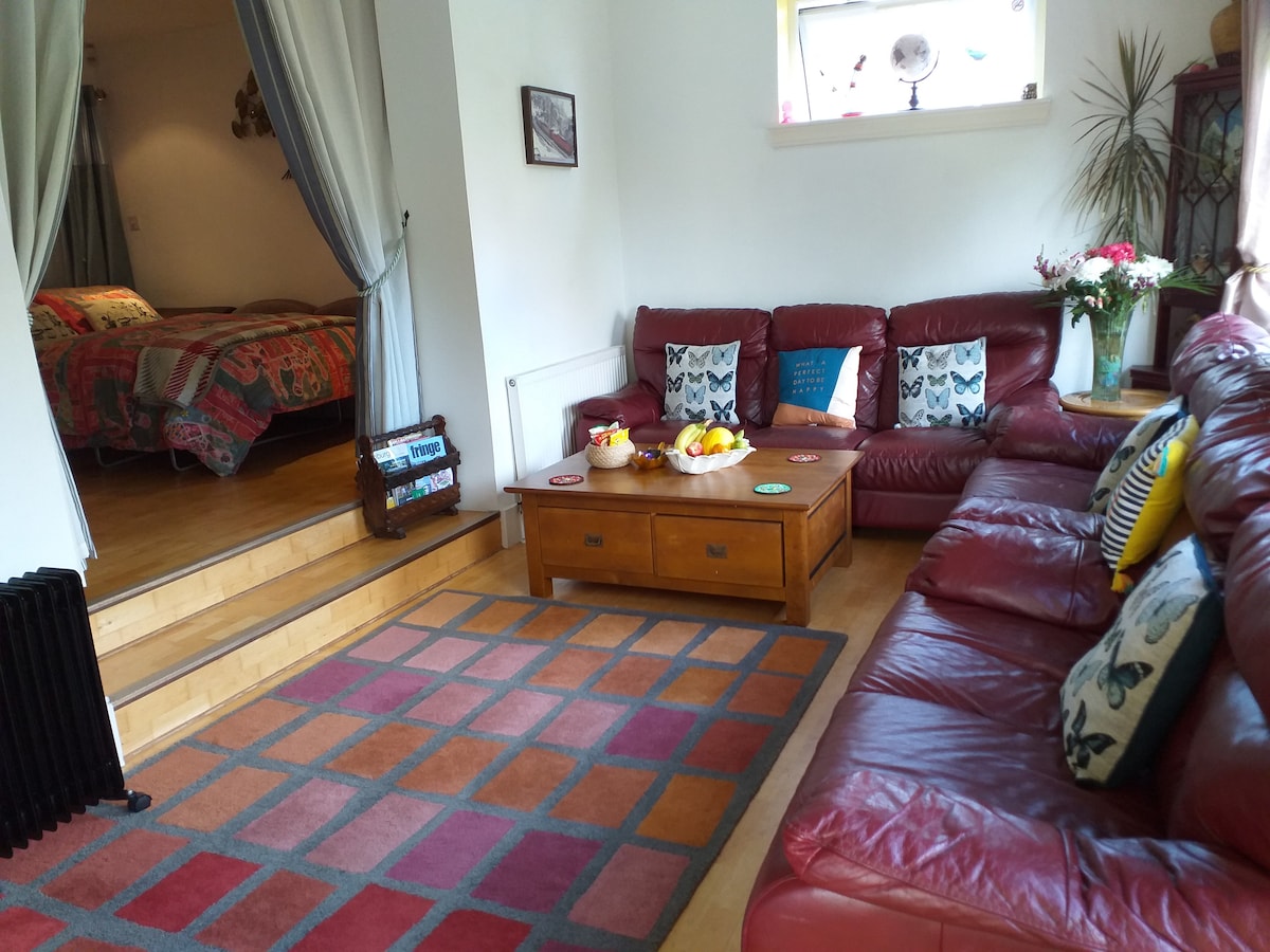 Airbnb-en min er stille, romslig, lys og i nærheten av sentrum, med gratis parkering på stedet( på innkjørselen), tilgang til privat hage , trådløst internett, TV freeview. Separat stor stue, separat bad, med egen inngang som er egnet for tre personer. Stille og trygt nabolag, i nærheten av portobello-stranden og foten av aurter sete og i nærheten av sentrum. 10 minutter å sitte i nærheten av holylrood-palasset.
◇ ◇ ◇ ◇
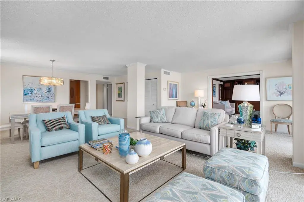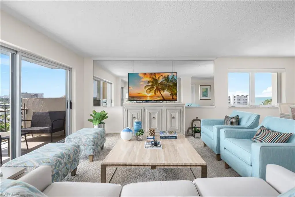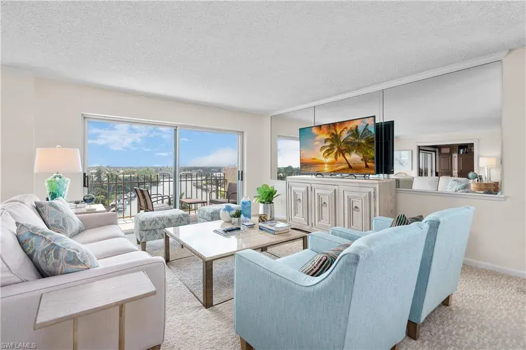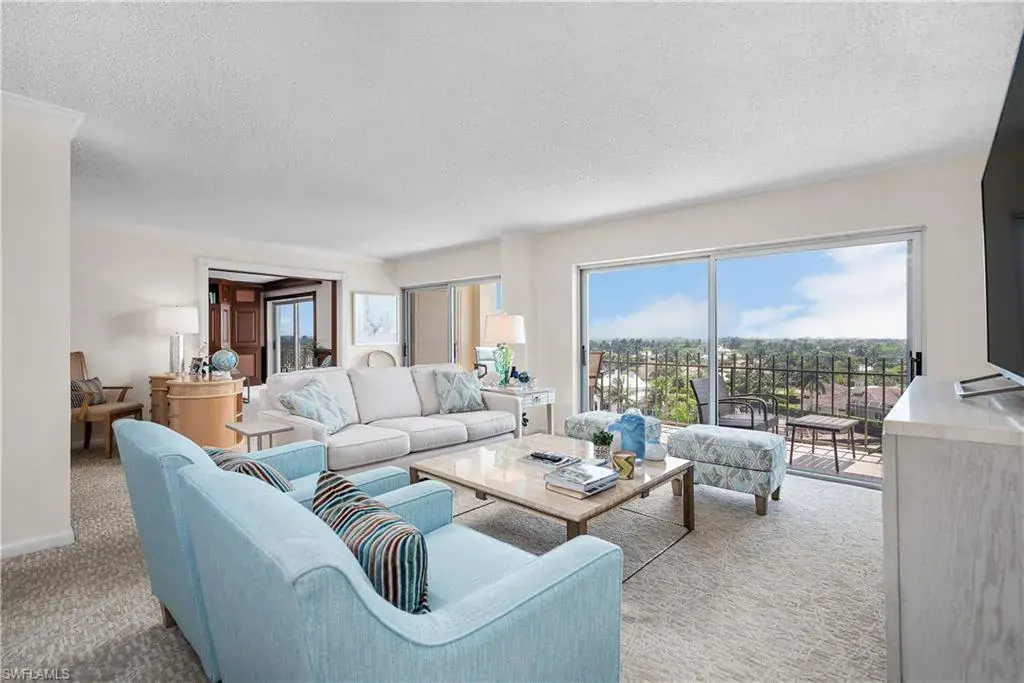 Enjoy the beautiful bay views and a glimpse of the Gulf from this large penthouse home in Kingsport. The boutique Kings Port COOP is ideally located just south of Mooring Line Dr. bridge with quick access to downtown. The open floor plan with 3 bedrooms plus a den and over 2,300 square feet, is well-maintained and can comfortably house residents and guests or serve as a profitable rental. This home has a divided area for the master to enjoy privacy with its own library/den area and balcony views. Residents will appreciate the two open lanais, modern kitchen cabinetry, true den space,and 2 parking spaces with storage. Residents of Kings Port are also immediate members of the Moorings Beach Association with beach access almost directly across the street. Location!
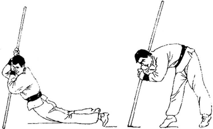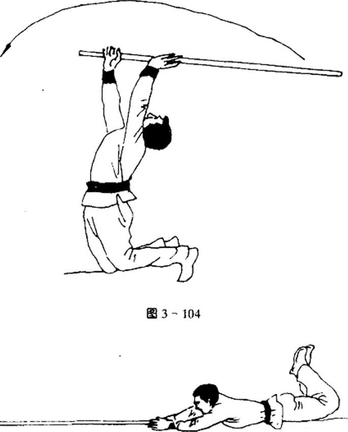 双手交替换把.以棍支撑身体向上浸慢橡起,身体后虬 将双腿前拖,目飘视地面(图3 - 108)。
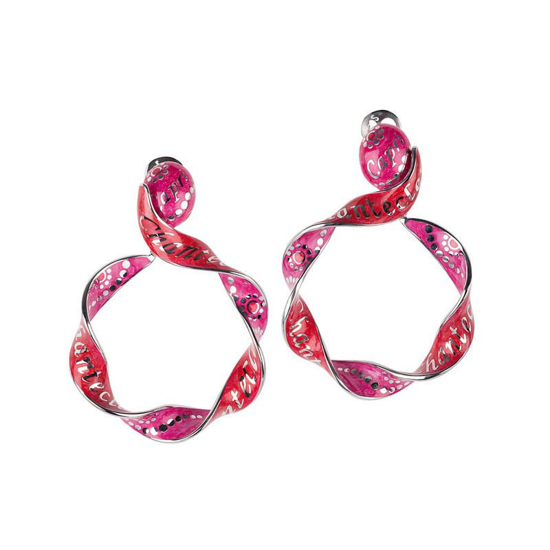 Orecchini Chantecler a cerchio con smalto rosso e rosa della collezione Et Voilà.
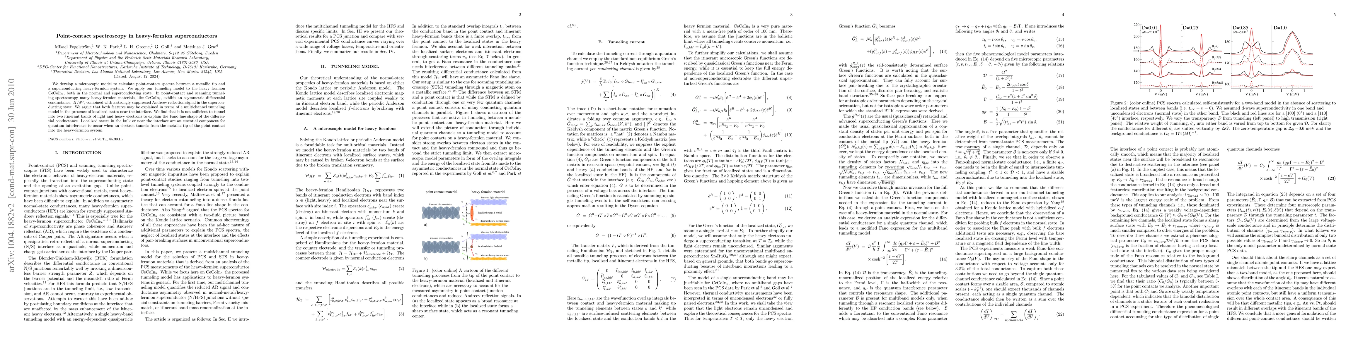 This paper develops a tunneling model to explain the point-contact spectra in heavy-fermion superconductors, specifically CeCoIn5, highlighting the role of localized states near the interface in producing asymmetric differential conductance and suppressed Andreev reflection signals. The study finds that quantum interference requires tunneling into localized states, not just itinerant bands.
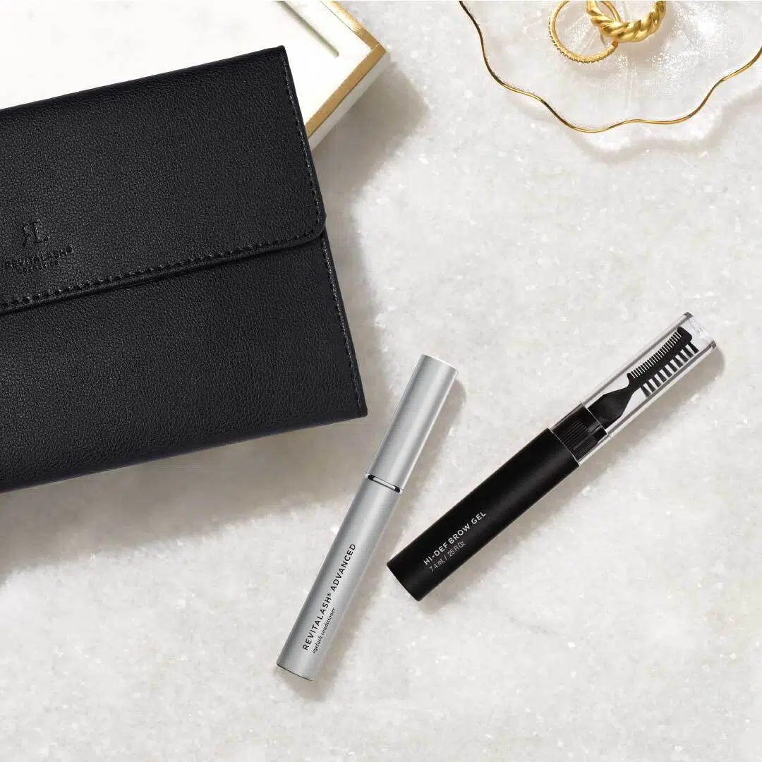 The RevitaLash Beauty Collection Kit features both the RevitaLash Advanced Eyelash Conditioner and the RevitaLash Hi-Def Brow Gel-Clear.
◇ ◇ ◇ ◇
- _TASK DIRECTIONS_: Nothing but the lines above, starting at the line that contains "Enjoy the beautiful" and ending at the line that contains "双手交替换把.以棍支撑身体向上浸慢橡起,身体后虬 将双腿前拖,目飘视地面(图3 - 108)。", should be given again, exactly and without the pictures.

- _TASK ANSWER_:
 Enjoy the beautiful bay views and a glimpse of the Gulf from this large penthouse home in Kingsport. The boutique Kings Port COOP is ideally located just south of Mooring Line Dr. bridge with quick access to downtown. The open floor plan with 3 bedrooms plus a den and over 2,300 square feet, is well-maintained and can comfortably house residents and guests or serve as a profitable rental. This home has a divided area for the master to enjoy privacy with its own library/den area and balcony views. Residents will appreciate the two open lanais, modern kitchen cabinetry, true den space,and 2 parking spaces with storage. Residents of Kings Port are also immediate members of the Moorings Beach Association with beach access almost directly across the street. Location!
 双手交替换把.以棍支撑身体向上浸慢橡起,身体后虬 将双腿前拖,目飘视地面(图3 - 108)。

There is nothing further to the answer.